### Supplied information ###

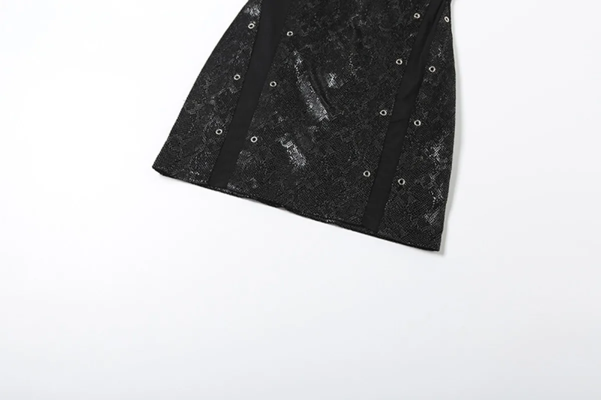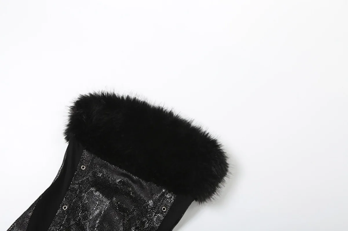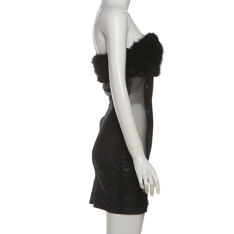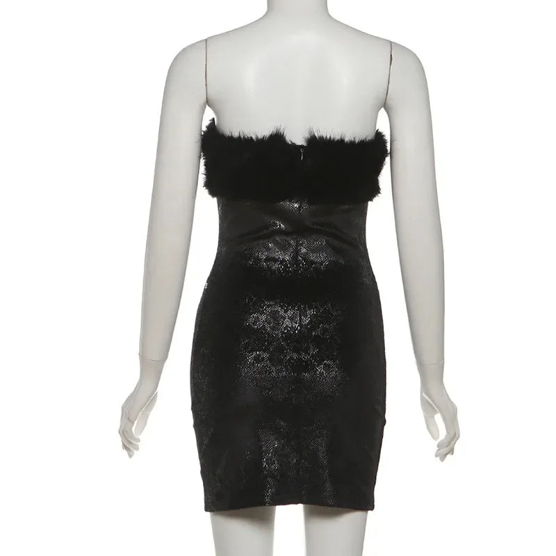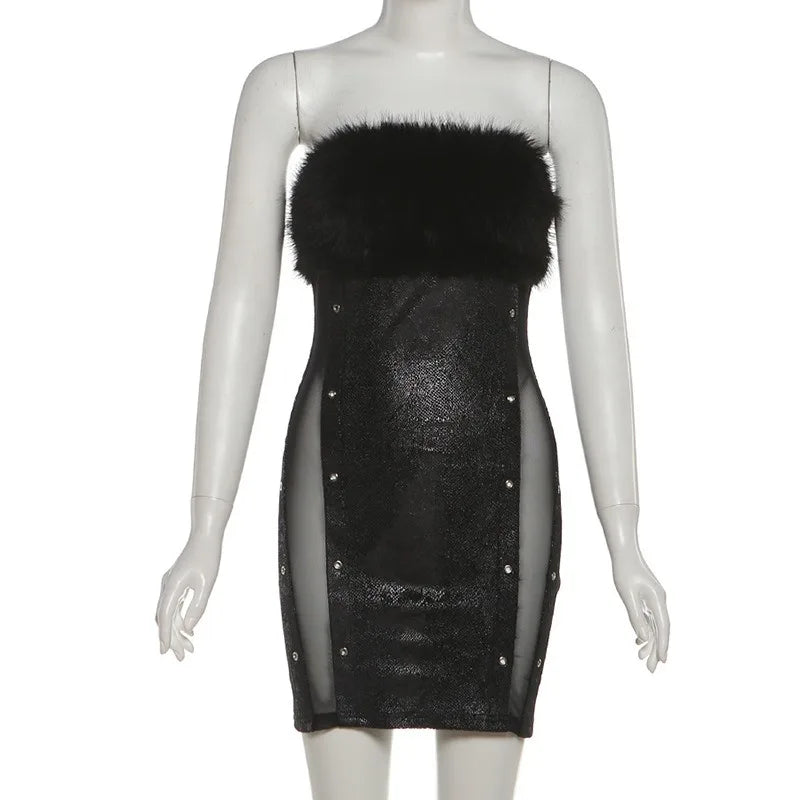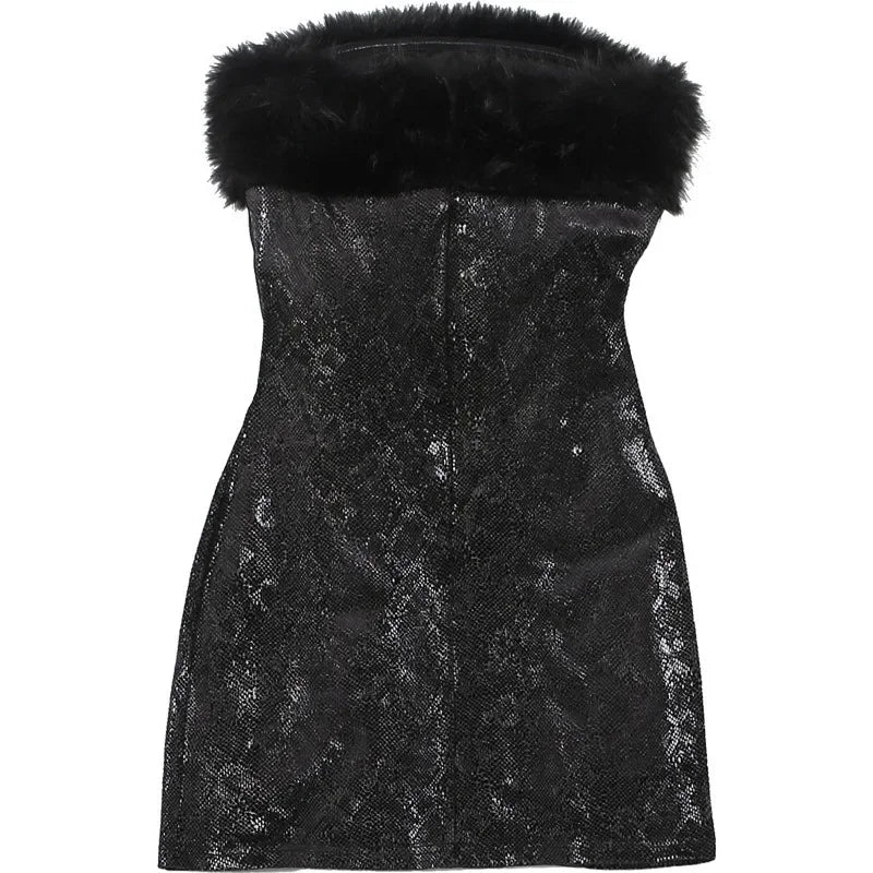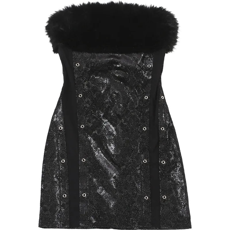 Lunivop Serpentine Print See Through Mesh Patwork Bodycon Mini Dress Women Fashion Sexy Faux Fur Strapless Hipster Party Night Clubwear
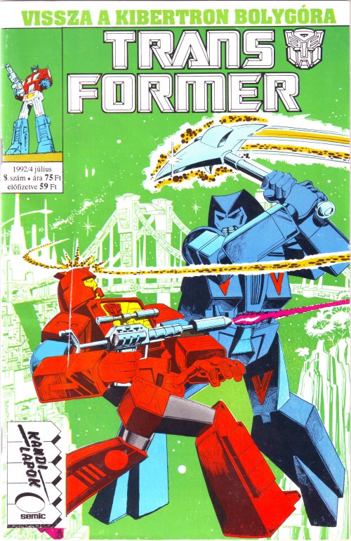 Here is a Transformers comic book from Hungary, issue #8. The cover used is a slightly different version of the art from Issue #18 of the original Transformers run. I haven’t had this very long and haven’t had a chance to compare it to my US issue #18 (or #8 for that matter). As you can see from the date on the cover, it was published in 1992, long after the US comic series ended. It seems that many US comics were later released in European countries.
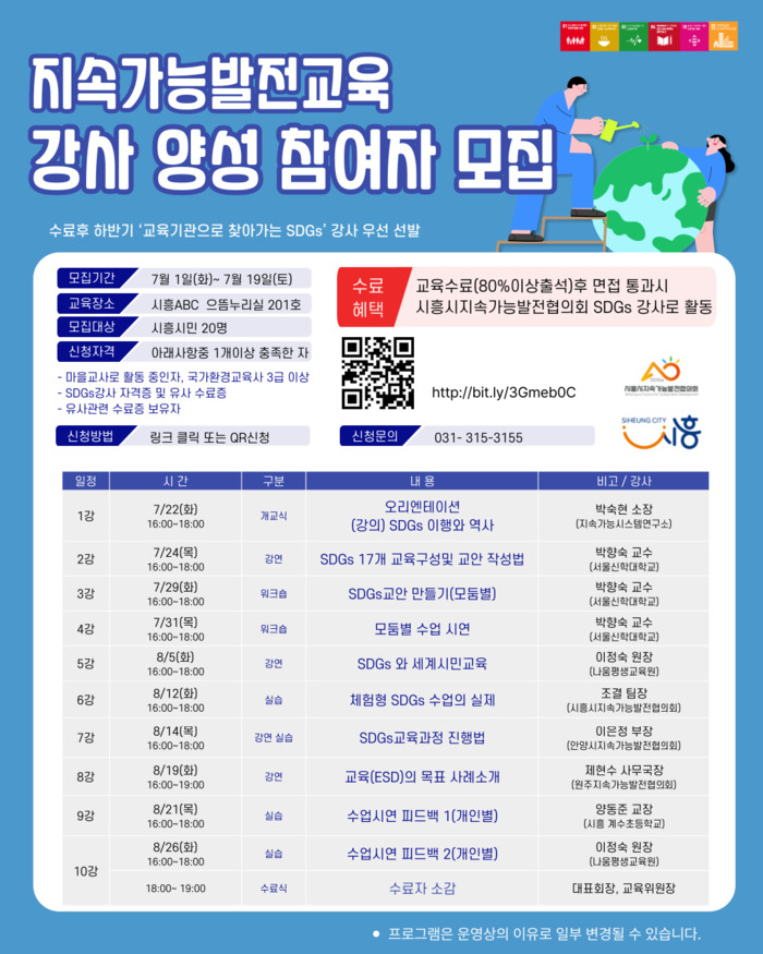 시흥시지속가능발전협의회(공동대표 임병택 시흥시장, 오인열 시흥시의회 의장, 김주석 대표회장)는 오는 7월 22일부터 8월 26일까지 진행되는 「지속가능발전교육 강사 양성과정」에 참여할 시민을 7월 19일까지 모집한다.
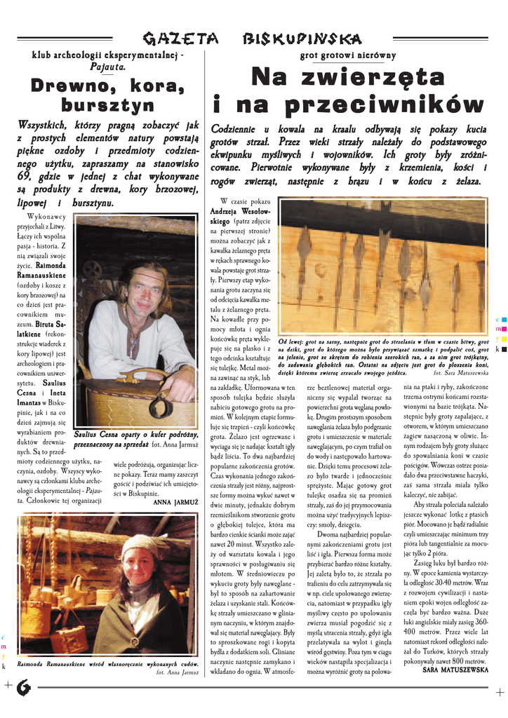 klub archeologii eksperymentalnej − Pajauta Pajauta.. Drewno, kora, bursztyn Wszystkich, którzy pragną zobaczyć jak prost ostyych element elementóów natur naturyy po pow stają z pr ost wst ają piękne ozdoby i przedmioty codziennego użytku, zapraszamy na stanowisko 69, gdzie w jednej z chat wykonywane oryy br brzzoz ozoowej, produkt oduktyy z dr dreewna, kkor or są pr odukt lipowej i bursztynu. Wykonawcy przyjechali z Litwy. Łączy ich wspólna pasja - historia. Z nią związali swoje życie. Raimonda Ramanauskiene (ozdoby i kosze z kory brzozowej) na co dzień jest pracownikiem muzeum. Biruta Salatkiene (rekonstrukcje wiaderek z kory lipowej) jest archeologiem i pracownikiem uniwersytetu. Saulius Cesna i Ineta Imantas w Biskupinie, jak i na co dzień zajmują się wyrabianiem pro- Saulius Cesna oparty o kufer podróżny, duktów drewnia- przeznaczony na sprzedaż fot. Anna Jarmuż nych. Są to przedmioty codziennego użytku, na- wiele podróżują, organizując liczczynia, ozdoby. Wszyscy wyko- ne pokazy. Teraz mamy zaszczyt nawcy są członkami klubu arche- gościć i podziwiać ich umiejętoologii eksperymentalnej - Pajau- ści w Biskupinie. ta. Członkowie tej organizacji ANNA JARMUŻ c m y k Raimonda Ramanauskiene wśród własnoręcznie wykonanych cudów. fot. Anna Jarmuż grot grotowi nierówny Na zwierzęta i na przeciwników Codziennie u kowala na kraalu odbywają się pokazy kucia grotów strzał. Przez wieki strzały należały do podstawowego ekwipunku myśliwych i wojowników. Ich groty były zróżnicow Pierw wykon onyw ywane krzzemienia, kkoś ości co wane. Pier wotnie wyk on yw ane bbyły yły z kr oś ci i rogów zwierząt, następnie z brązu i w końcu z żelaza. W czasie pokazu esoło wWesoło esołow Andrzze ja W Andr skiego (patrz zdjęcie na pierwszej stronie) można zobaczyć jak z kawałka żelaznego pręta w rękach sprawnego kowala powstaje grot strzały. Pierwszy etap wykonania grotu zaczyna się od odcięcia kawałka metalu z żelaznego pręta. Na kowadle przy pomocy młota i ognia końcówkę pręta wykle- Od lewej: grot na sarny, następnie grot do strzelania w tłum w czasie bitwy, grot puje się na płasko i z na dziki, grot do którego można było przywiązać szmatkę i podpalić coś, grot tego odcinka kształtuje na jelenie, grot ze skrętem do robienia szerokich ran, a za nim grot trójkątny, zadawania głębokich ran. Ostatni na zdjęciu jest grot do płoszenia koni, się tulejkę. Metal moż- do dzięki któremu zwierzę zrzucało swojego jeźdźca. fot. Sara Matuszewska na zawinąć na styk, lub na zakładkę. Uformowana w ten rze beztlenowej materiał orga- nia na ptaki i ryby, zakończone sposób tulejka będzie służyła niczny się wypalał tworząc na trzema ostrymi końcami rozstanabiciu gotowego grotu na pro- powierzchni grota węglaną powło- wionymi na bazie trójkąta. Namień. W kolejnym etapie formu- kę. Drugim prostszym sposobem stępnie były groty zapalające, z łuje się trzpień - czyli końcówkę nawęglania żelaza było podgrzanie otworem, w którym umieszczano grota. Żelazo jest ogrzewane i grotu i umieszczenie w materiale żagiew nasączoną w oliwie. Inwyciąga się je nadając kształt igły nawęglającym, po czym trafiał on nym rodzajem były groty służące bądź liścia. To dwa najbardziej do wody i następowało hartowa- do spowalniania koni w czasie popularne zakończenia grotów. nie. Dzięki temu procesowi żela- pościgów. Wówczas ostrze posiaCzas wykonania jednego zakoń- zo było twarde i jednocześnie dało dwa przeciwstawne haczyki, czenia strzały jest różny, najprost- sprężyste. Mając gotowy grot zaś sama strzała miała tylko sze formy można wykuć nawet w tulejkę osadza się na promień kaleczyć, nie zabijać. Aby strzała poleciała należało dwie minuty, jednakże dobrym strzały, zaś do jej przymocowania rzemieślnikom stworzenie grotu można użyć tradycyjnych lepisz- jeszcze wykonać lotkę z ptasich piór. Mocowano je bądź radialnie o głębokiej tulejce, która ma czy: smoły, dziegciu. bardzo cienkie ścianki może zająć Dwoma najbardziej popular- czyli umieszczając minimum trzy nawet 20 minut. Wszystko zale- nymi zakończeniami grotu jest pióra lub tangentialnie za mocuży od warsztatu kowala i jego liść i igła. Pierwsza forma może jąc tylko 2 pióra. Zasięg łuku był bardzo różsprawności w posługiwaniu się przybierać bardzo różne kształty. ny. W epoce kamienia wystarczymłotem. W średniowieczu po Jej zaletą było to, że strzała po wykuciu groty były nawęglane - trafieniu do celu zatrzymywała się ła odległość 30-40 metrów. Wraz był to sposób na zahartowanie w np. ciele upolowanego zwierzę- z rozwojem cywilizacji i nastażelaza i uzyskanie stali. Końców- cia, natomiast w przypadku igły niem epoki wojen odległość zakę strzały umieszczano w glinia- myśliwy często po upolowaniu częła być bardzo ważna. Duże nym naczyniu, w którym znajdo- zwierza musiał pogodzić się z łuki angielskie miały zasięg 360wał się materiał nawęglający. Były myślą utracenia strzały, gdyż igła 400 metrów. Przez wiele lat to sproszkowane rogi i kopyta przelatywała na wylot i ginęła natomiast rekord odległości nalebydła z dodatkiem soli. Gliniane wśród gęstwiny. Poza tym w ciągu żał do Turków, których strzały naczynie następnie zamykano i wieków nastąpiła specjalizacja i pokonywały nawet 800 metrów. SARA MATUSZEWSKA wkładano do ognia. W atmosfe- można wyróżnić groty na polowa- c m m y k

###

Exercise — Would you retype each line above exactly and skip every image?

Answer section —
 Lunivop Serpentine Print See Through Mesh Patwork Bodycon Mini Dress Women Fashion Sexy Faux Fur Strapless Hipster Party Night Clubwear
 Here is a Transformers comic book from Hungary, issue #8. The cover used is a slightly different version of the art from Issue #18 of the original Transformers run. I haven’t had this very long and haven’t had a chance to compare it to my US issue #18 (or #8 for that matter). As you can see from the date on the cover, it was published in 1992, long after the US comic series ended. It seems that many US comics were later released in European countries.
 시흥시지속가능발전협의회(공동대표 임병택 시흥시장, 오인열 시흥시의회 의장, 김주석 대표회장)는 오는 7월 22일부터 8월 26일까지 진행되는 「지속가능발전교육 강사 양성과정」에 참여할 시민을 7월 19일까지 모집한다.
 klub archeologii eksperymentalnej − Pajauta Pajauta.. Drewno, kora, bursztyn Wszystkich, którzy pragną zobaczyć jak prost ostyych element elementóów natur naturyy po pow stają z pr ost wst ają piękne ozdoby i przedmioty codziennego użytku, zapraszamy na stanowisko 69, gdzie w jednej z chat wykonywane oryy br brzzoz ozoowej, produkt oduktyy z dr dreewna, kkor or są pr odukt lipowej i bursztynu. Wykonawcy przyjechali z Litwy. Łączy ich wspólna pasja - historia. Z nią związali swoje życie. Raimonda Ramanauskiene (ozdoby i kosze z kory brzozowej) na co dzień jest pracownikiem muzeum. Biruta Salatkiene (rekonstrukcje wiaderek z kory lipowej) jest archeologiem i pracownikiem uniwersytetu. Saulius Cesna i Ineta Imantas w Biskupinie, jak i na co dzień zajmują się wyrabianiem pro- Saulius Cesna oparty o kufer podróżny, duktów drewnia- przeznaczony na sprzedaż fot. Anna Jarmuż nych. Są to przedmioty codziennego użytku, na- wiele podróżują, organizując liczczynia, ozdoby. Wszyscy wyko- ne pokazy. Teraz mamy zaszczyt nawcy są członkami klubu arche- gościć i podziwiać ich umiejętoologii eksperymentalnej - Pajau- ści w Biskupinie. ta. Członkowie tej organizacji ANNA JARMUŻ c m y k Raimonda Ramanauskiene wśród własnoręcznie wykonanych cudów. fot. Anna Jarmuż grot grotowi nierówny Na zwierzęta i na przeciwników Codziennie u kowala na kraalu odbywają się pokazy kucia grotów strzał. Przez wieki strzały należały do podstawowego ekwipunku myśliwych i wojowników. Ich groty były zróżnicow Pierw wykon onyw ywane krzzemienia, kkoś ości co wane. Pier wotnie wyk on yw ane bbyły yły z kr oś ci i rogów zwierząt, następnie z brązu i w końcu z żelaza. W czasie pokazu esoło wWesoło esołow Andrzze ja W Andr skiego (patrz zdjęcie na pierwszej stronie) można zobaczyć jak z kawałka żelaznego pręta w rękach sprawnego kowala powstaje grot strzały. Pierwszy etap wykonania grotu zaczyna się od odcięcia kawałka metalu z żelaznego pręta. Na kowadle przy pomocy młota i ognia końcówkę pręta wykle- Od lewej: grot na sarny, następnie grot do strzelania w tłum w czasie bitwy, grot puje się na płasko i z na dziki, grot do którego można było przywiązać szmatkę i podpalić coś, grot tego odcinka kształtuje na jelenie, grot ze skrętem do robienia szerokich ran, a za nim grot trójkątny, zadawania głębokich ran. Ostatni na zdjęciu jest grot do płoszenia koni, się tulejkę. Metal moż- do dzięki któremu zwierzę zrzucało swojego jeźdźca. fot. Sara Matuszewska na zawinąć na styk, lub na zakładkę. Uformowana w ten rze beztlenowej materiał orga- nia na ptaki i ryby, zakończone sposób tulejka będzie służyła niczny się wypalał tworząc na trzema ostrymi końcami rozstanabiciu gotowego grotu na pro- powierzchni grota węglaną powło- wionymi na bazie trójkąta. Namień. W kolejnym etapie formu- kę. Drugim prostszym sposobem stępnie były groty zapalające, z łuje się trzpień - czyli końcówkę nawęglania żelaza było podgrzanie otworem, w którym umieszczano grota. Żelazo jest ogrzewane i grotu i umieszczenie w materiale żagiew nasączoną w oliwie. Inwyciąga się je nadając kształt igły nawęglającym, po czym trafiał on nym rodzajem były groty służące bądź liścia. To dwa najbardziej do wody i następowało hartowa- do spowalniania koni w czasie popularne zakończenia grotów. nie. Dzięki temu procesowi żela- pościgów. Wówczas ostrze posiaCzas wykonania jednego zakoń- zo było twarde i jednocześnie dało dwa przeciwstawne haczyki, czenia strzały jest różny, najprost- sprężyste. Mając gotowy grot zaś sama strzała miała tylko sze formy można wykuć nawet w tulejkę osadza się na promień kaleczyć, nie zabijać. Aby strzała poleciała należało dwie minuty, jednakże dobrym strzały, zaś do jej przymocowania rzemieślnikom stworzenie grotu można użyć tradycyjnych lepisz- jeszcze wykonać lotkę z ptasich piór. Mocowano je bądź radialnie o głębokiej tulejce, która ma czy: smoły, dziegciu. bardzo cienkie ścianki może zająć Dwoma najbardziej popular- czyli umieszczając minimum trzy nawet 20 minut. Wszystko zale- nymi zakończeniami grotu jest pióra lub tangentialnie za mocuży od warsztatu kowala i jego liść i igła. Pierwsza forma może jąc tylko 2 pióra. Zasięg łuku był bardzo różsprawności w posługiwaniu się przybierać bardzo różne kształty. ny. W epoce kamienia wystarczymłotem. W średniowieczu po Jej zaletą było to, że strzała po wykuciu groty były nawęglane - trafieniu do celu zatrzymywała się ła odległość 30-40 metrów. Wraz był to sposób na zahartowanie w np. ciele upolowanego zwierzę- z rozwojem cywilizacji i nastażelaza i uzyskanie stali. Końców- cia, natomiast w przypadku igły niem epoki wojen odległość zakę strzały umieszczano w glinia- myśliwy często po upolowaniu częła być bardzo ważna. Duże nym naczyniu, w którym znajdo- zwierza musiał pogodzić się z łuki angielskie miały zasięg 360wał się materiał nawęglający. Były myślą utracenia strzały, gdyż igła 400 metrów. Przez wiele lat to sproszkowane rogi i kopyta przelatywała na wylot i ginęła natomiast rekord odległości nalebydła z dodatkiem soli. Gliniane wśród gęstwiny. Poza tym w ciągu żał do Turków, których strzały naczynie następnie zamykano i wieków nastąpiła specjalizacja i pokonywały nawet 800 metrów. SARA MATUSZEWSKA wkładano do ognia. W atmosfe- można wyróżnić groty na polowa- c m m y k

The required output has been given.